For more information on Spanning Tree Protocol see Cisco’s explanation: http://www.cisco.com/univercd/cc/td/doc/product/rtrmgmt/sw_ntman/cwsimain/cwsi2/cwsiug2/vlan2/stpapp.htm
HP sells Flex-10 saying it doesn’t participate in Spanning Tree and so your Cisco admins should not worry. Quoting from Page 27 of HP Virtual Connect for the Cisco Network Administrator
Since Virtual Connect does not present itself to the external Cisco network as another “Ethernet switch”, the subject of “spanning tree interoperability” is not an applicable topic when discussing the two products.
I don’t particularly like HP’s use of language. Calling discussions about spanning tree “not an applicable topic” seems like you should avoid the topic rather than understand it and configure your ports accordingly.
HP Flex-10 avoids spanning tree by allowing only one logical path for traffic to flow. All loop detection takes place wthin the Virtual Connect Domain so by the time traffic is ready to pass out of the Virtual Connect Domain to upstream switches you can be sure there are no loops.
This is similar to how ESX manages traffic. An ESX host may have a vSwitch attached to two redundent switches. The ESX Nic bonding software ensures there are no loops and traffic only flows over a single logical path out of the vSwitch.
So if HP Flex-10 doesn’t participate in Spanning Tree, is there anything you need to do on the Cisco port side? The answer is yes, you need to ensure that you turn OFF any spanning tree detection on your Cisco ports. This may seem counterintuitive. If HP Flex-10 doesn’t participate in spanning tree, what is the harm in leaving the detection on as it will never see any loops?
Unfortunately sometimes networking doesn’t play nicely and Cisco may see a loop when HP Flex-10 isn’t creating one and having spanning tree kick in incorrectly and unexpectedly may bring your environment down.
All things Ports Your Flex-10 uplinks will be connected into upstream ports (also called interfaces). To disable spanning tree, these ports need to be configured as edge devices (or have PortFast enabled on older Cisco switches) which is the same port type you would use to connect normal servers.

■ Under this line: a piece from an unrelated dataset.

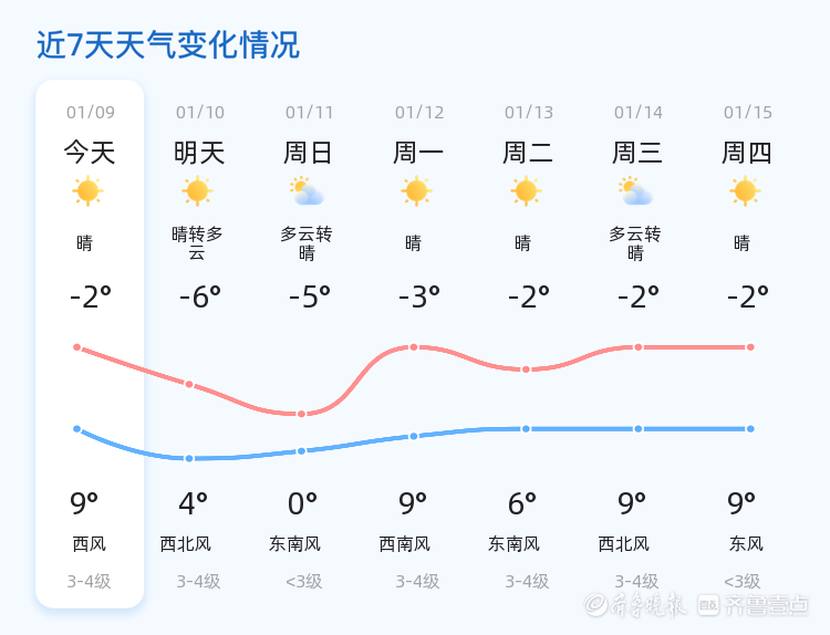 今日滨州晴朗温暖 气温回升至9℃

These ports will be in either of two modes, access or trunk. Access ports are configured with a single vlan and trunk ports have multiple vlans. Having access or trunk ports doesn’t make a difference with loop detection in terms of your Cisco port config.
You can bond Cisco ports together to create an LACP group to increase bandwidth. In newer Cisco Nexus switches these groups can span separate physical Cisco Nexus switches and are called Virtual Port Channels (vPC). LACP groups and Virtual Port Channels act as a single logical interface and some of the config which would have previously been done on the individual ports are done at the LACP group/vPC level.
Looking again at my post Flex-10 ESX design with simplicity and scalability: Part 1 you can see the difference between the three proposed options.
- 20Gb Option: No LACP Group, 10 GbE per uplink set.
- 40Gb Option: LACP Group to single switch, 20 GbE per uplink set
- 40Gb vPC Option: Virtual Port Channel (vPC) split across 2 x Cisco Switches, 20 GbE per uplink set.
Cisco configuration commands are also sometimes different between switch models so check with your networking team if the commands are not quite the same. For example, on Cisco Nexus switches you need to configure ports/vPCs as edge devices to disable spanning tree while on pre-Nexus switches you need to enable portfast on the port/group to do the same thing.
If you are using a LACP/vPC group, it is good practice to set all configuration settings on the LACP/vPC group rather than the individual interfaces.
BPDU Guard There is another extra layer of protection against spanning tree you can configure and that is called BPDU Guard. BPDU Guard is a Cisco protection feature when spanning tree is disabled. If you had to move your Flex-10 uplinks from Flex-10 to another Cisco switch, BPDU Guard would recognise that you are now connecting two Cisco switches together by listening for what are called BPDU packets and shut down the ports to protect against a loop even though spanning tree is disabled.
BPDU Guard can be set as a global setting on all your Cisco ports and therefore doesn’t need to be set on individual ports. To enable BPDU Guard globally for all edge ports the command is:
spanning-tree port type edge bpduguard defaultIf you don’t want to make this a global setting you can enable BPDU Guard on an individual LACP/vPC group or access/trunk port with the following command:
spanning-tree bpduguard enableBPDU Filter BPDU Filter is another way of ENABLING spanning tree even though you may have disabled spanning tree on the individual LACP/vPC group or access/trunk port. BPDU filter invokes spanning tree across the entire vlan when it sees BPDU packets so you definitely want to ensure you do NOT have BPDU filter enabled on any ports.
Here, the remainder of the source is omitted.